Why Big Leverages Are Uncommon in the Crypto Trading World

Are you someone who has been associated with the online trading and investment industry for a long time? Whether you invest your money in digital currencies of other types of assets, you must be aware of the concept of leverages and how they can help you amplify the profits you earn on your trades. Now, for someone who has been researching online brokers and companies for a long time, they must have noticed that the leverages on other assets are much bigger than the leverages on crypto coins.

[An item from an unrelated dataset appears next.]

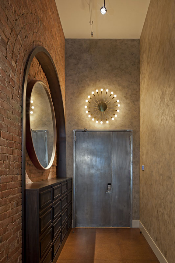 Serious loft love happening with this post right now. Located in the Tire Town building in Salt Lake City (built in 1925 to house the Firestone Tire & Rubber Company), the current owners wanted to bring this loft back to its industrial roots and enlisted City Home Collective for the job. There is so much to love about this space – the cherry-finished kitchen cabinets set against a brick wall, the gothic industrial master bathroom, the double-sided fireplace and of course, the fabulous lighting in the bathroom and bedroom.

Is there a specific reason behind that? Should you be concerned and should you try to know the reason for that? The fact of the matter is that there are several reasons behind this common occurrence and you should definitely pay attention to the details here. Let’s take a look at some possibilities.

Exceptionally Big Movements in the Crypto Market

So, if you are someone who has spent any amount of time investing and trading, you definitely know how leverages work in both directions. Most new traders believe that they should use leverages because they can help them make a lot of profit. What they don’t realize is that leverages can affect them in ending up with losses in just the same way as it can help them make money. The thing about the cryptocurrency market is that it can take some huge swings. Within the same day, there have been 20% upswings and downswings in this market.

This ultimately means that if you end up with a downswing or the movement of the price opposite to your prediction, you could end up with huge losses. To make matters worse, not all online platforms offer you negative balance protection. This means you can end up with negative balance and that money is taken from you as soon as you make another deposit.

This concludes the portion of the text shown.